Health Check API Reference

The 1MCP Agent provides comprehensive health check endpoints for monitoring system status, server connectivity, and operational metrics.

Overview

Health check endpoints are designed for:

Load Balancers: HAProxy, nginx, AWS ALB
Container Orchestration: Kubernetes, Docker Swarm
CI/CD Pipelines: Deployment validation
Manual Debugging: System status inspection

Security Configuration

The health endpoints include configurable security features to control information exposure:

Detail Levels:

full: Complete system information with error sanitization
basic: Limited system details, sanitized errors, server status
minimal (default): Only essential status information, no sensitive details

Configuration:

bash

# CLI option (default is minimal)
npx -y @1mcp/agent --config mcp.json --health-info-level basic

# Environment variable
export ONE_MCP_HEALTH_INFO_LEVEL=basic
npx -y @1mcp/agent --config mcp.json

Sanitization Features:

Automatic error message sanitization
Credential pattern removal (user:password@, tokens, keys)
URL and file path redaction
IP address anonymization

Endpoints

`GET /health`

Description: Complete health status with detailed system metrics and server information.

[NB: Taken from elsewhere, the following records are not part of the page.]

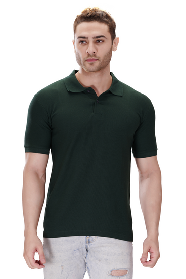 100% Cotton Men’s Half Sleeve Polo Neck T-Shirt - Bottel Green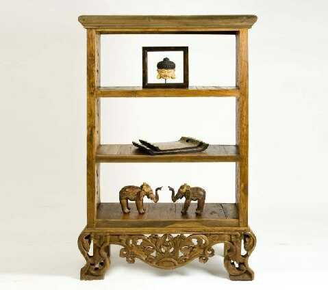 ספריית מדפים פתוחה מעץ טיק ממוחזר ומלא עם גילופים עתיקים בסגנון האי ג'אווה.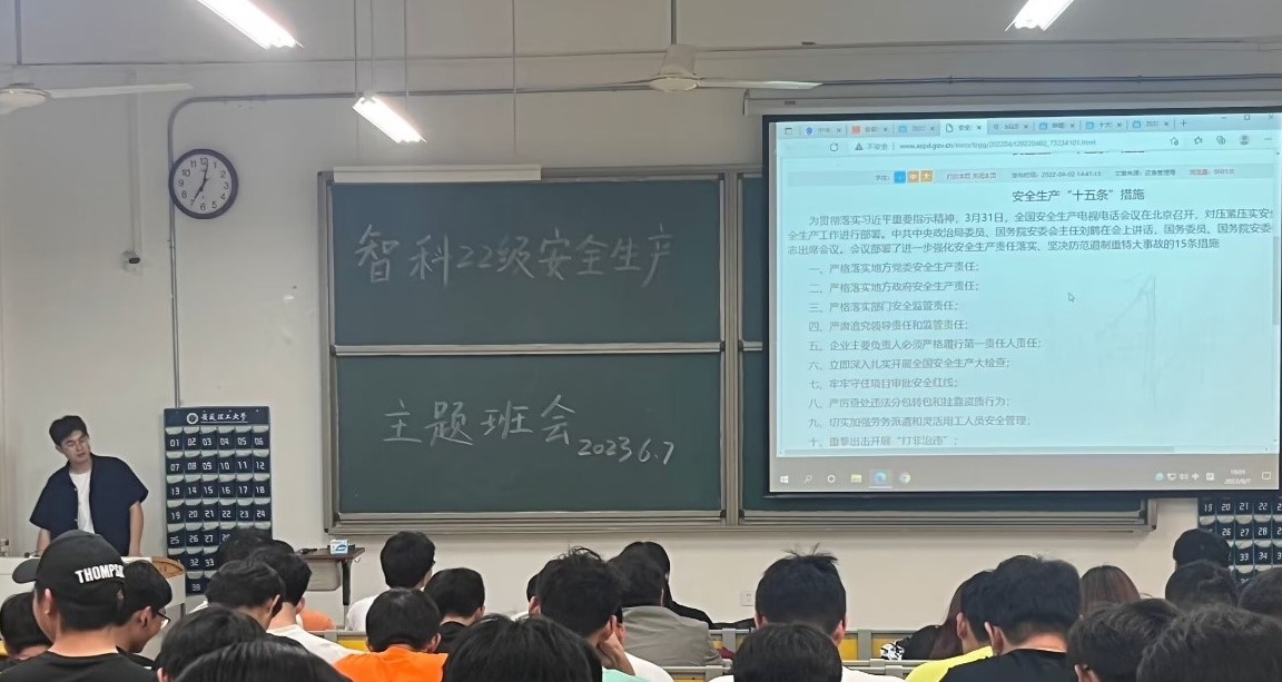 6月7日,学院各年级辅导员召开安全教育主题班会,辅导员们从“为什么要开展安全教育主题班会”“我们要从哪些方面重视安全”“如何提升安全意识”等方面结合校园案例,要求学生严格执行学生管理“四项禁令”,维护自身财产和人身安全。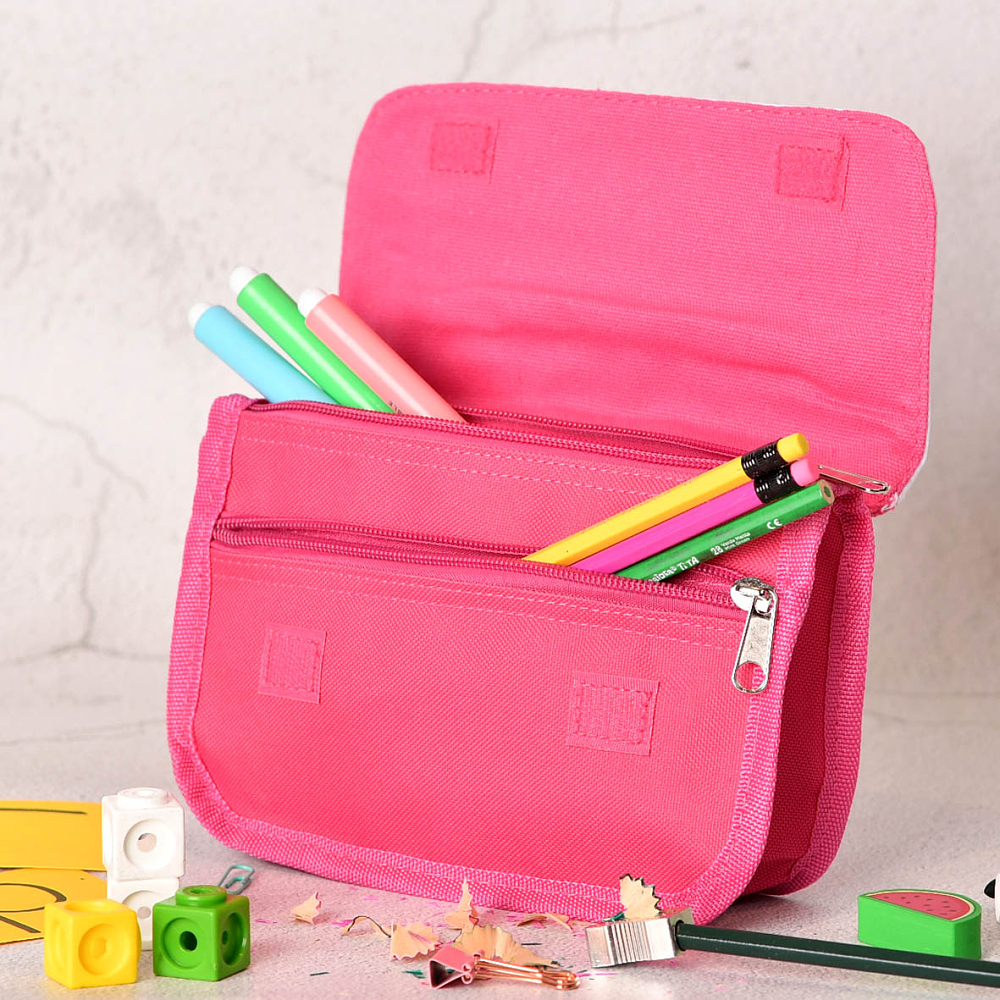 Σχεδίασε την δική σου υφασμάτινη σχολική κασετίνα με το όνομα σου και όποιο άλλο στοιχείο θέλεις και ξεχώρισε στη νέα σχολική χρονιά !Διαθέτει δύο μεγάλες θήκες με φερμουάρ για να βάλεις όλα όσα χρειάζεσαι.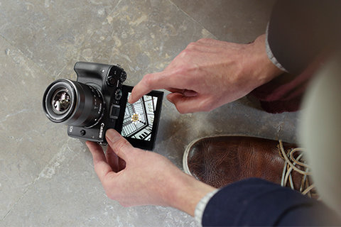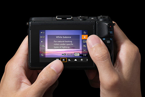 | Łatwy w obsłudze dotykowy interfejs Wielokrotnie nagradzany, ergonomiczny interfejs z intuicyjnym ekranem dotykowym (1040 tys. punktów sRGB) do ustawiania ostrości i wykonywania zdjęć jednym dotknięciem, obsługi menu i przyjemnego przeglądania obrazów. Ekran odchyla się do góry o 180˚ (przydatne do autoportretów) i w dół o 45˚, a to pozwala wykonywać zdjęcia z góry. |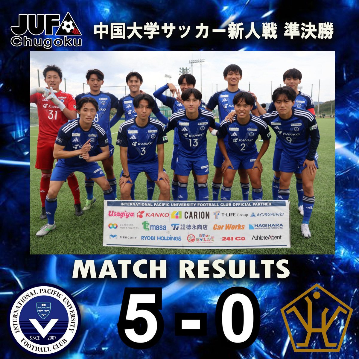 令和7年11月2日(日)【試合結果】 🏆 #中国大学サッカー新人戦準決勝 🆚 #環太平洋大学 vs #広島大学 . 前半2-0 後半3-0 合計5-0 . 【得点者】 8 #森本匠#常翔学園) 9 #若尾以心 (#創志学園)② 5 #津川侑和 (#徳島北) 23 #中井理貴 (#相生学院) pic.x.com/tGx50svSCm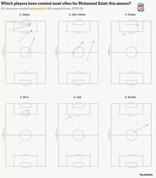 ووفقًا للشبكة ذاتها، فإن الفرص المصنوعة لصلاح أصبحت أقل بكثير، ويعد كودي جاكبو هو أكثر اللاعبين الذين صنعوا فرصًا للنجم المصري هذا الموسم.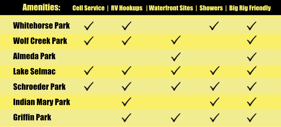 Conveniently located just 7 miles west of Grants Pass, Whitehorse Park offers campers a quiet reprieve from the city without straying too far from town. With 42 RV, tent, and yurt sites, campers can spread out under the towering shady trees that encompass the park. For those who enjoy wildlife you’ve come to the right place. The park has one of the area’s most treasured bird sanctuaries, with more than 170 species recorded, and some great trails that will lead you down to the river for a better view. Enjoy the day use area for a picnic or even a large family event. If you are hoping to get some work done while on your camping trip, you’re in luck. Remote workers will find good cell reception at camp.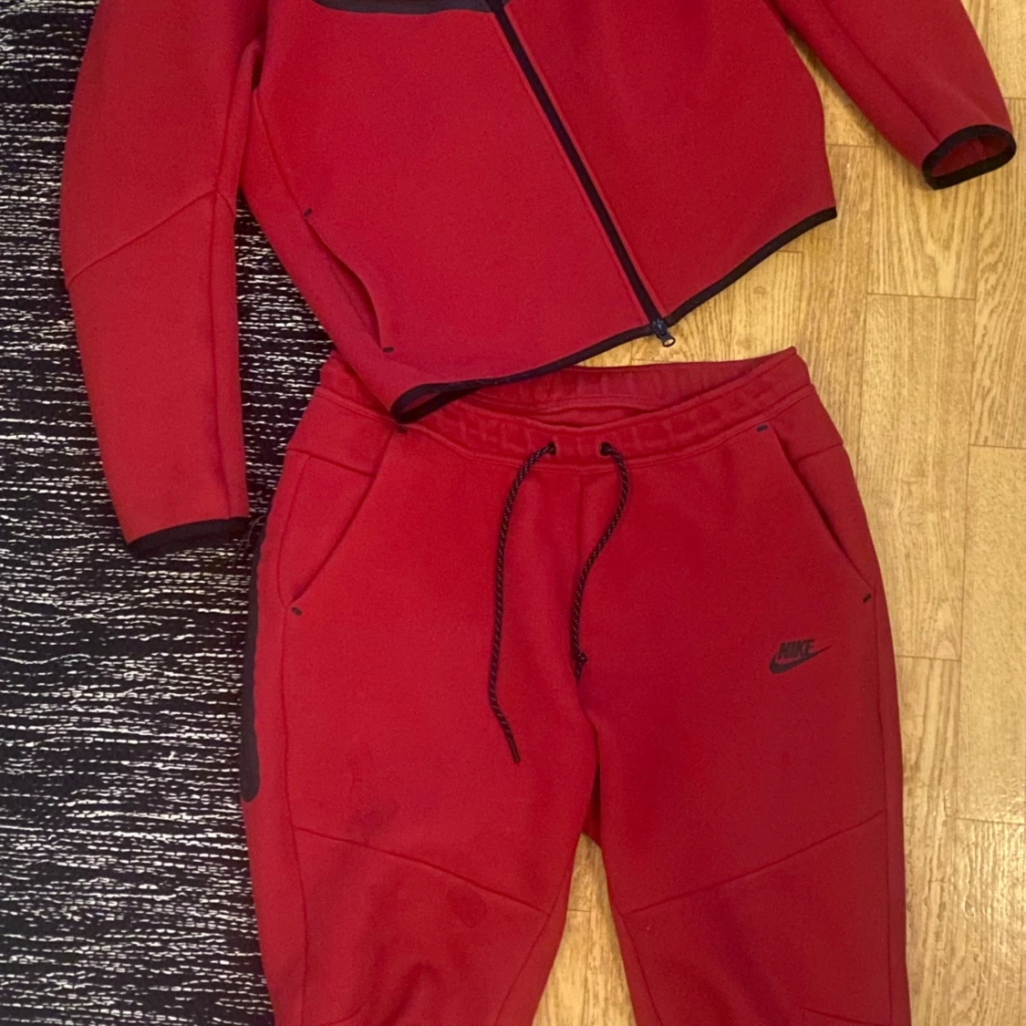 Säljer en röd tech dress från Nike med hel dragkedja och svarta detaljer. Tröjan har långa ärmar, fickor på sidorna och en sportig look. Byxorna lika! Perfekt för dig som gillar streetwear och vill ha något bekvämt och snyggt. Bara tröjan ligger ute för 1299kr just nu! Du får hela setet för mindre. PERFEKT JULKLAPP! 🎄🎅🧑🎄Storlek L, nästan oanvänd

Authentication: None required

Response Codes:

200 - Healthy or degraded but functional
503 - Unhealthy, critical issues
500 - Internal server error

Response Headers:

http

Content-Type: application/json
Cache-Control: no-cache, no-store, must-revalidate
X-Health-Status: healthy|degraded|unhealthy
X-Service-Version: 0.15.0
X-Uptime-Seconds: 3600

Response Schema:

json

{
  "status": "healthy|degraded|unhealthy",
  "timestamp": "2025-01-30T12:00:00.000Z",
  "version": "0.15.0",
  "system": {
    "uptime": 3600,
    "memory": {
      "used": 50.5,
      "total": 100.0,
      "percentage": 50.5
    },
    "process": {
      "pid": 12345,
      "nodeVersion": "v20.0.0",
      "platform": "linux",
      "arch": "x64"
    }
  },
  "servers": {
    "total": 3,
    "healthy": 2,
    "unhealthy": 1,
    "details": [
      {
        "name": "filesystem-server",
        "status": "connected|error|disconnected|awaiting_oauth",
        "healthy": true,
        "lastConnected": "2025-01-30T11:30:00.000Z",
        "lastError": "Connection timeout",
        "tags": ["filesystem", "local"]
      }
    ]
  },
  "configuration": {
    "loaded": true,
    "serverCount": 3,
    "enabledCount": 2,
    "disabledCount": 1,
    "authEnabled": true,
    "transport": "http"
  }
}

Field Descriptions:

status: Overall health status
- healthy - All systems operational
- degraded - Some issues but still functional
- unhealthy - Critical issues affecting functionality
system.uptime: Server uptime in seconds
system.memory.used: Heap memory used in MB
system.memory.total: Total heap memory in MB
system.memory.percentage: Memory usage percentage
servers.details[].status: Individual server status
- connected - Server is connected and operational
- error - Server has connection or runtime errors
- disconnected - Server is not connected
- awaiting_oauth - Server requires OAuth authentication

`GET /health/live`

Description: Simple liveness probe for basic availability checking.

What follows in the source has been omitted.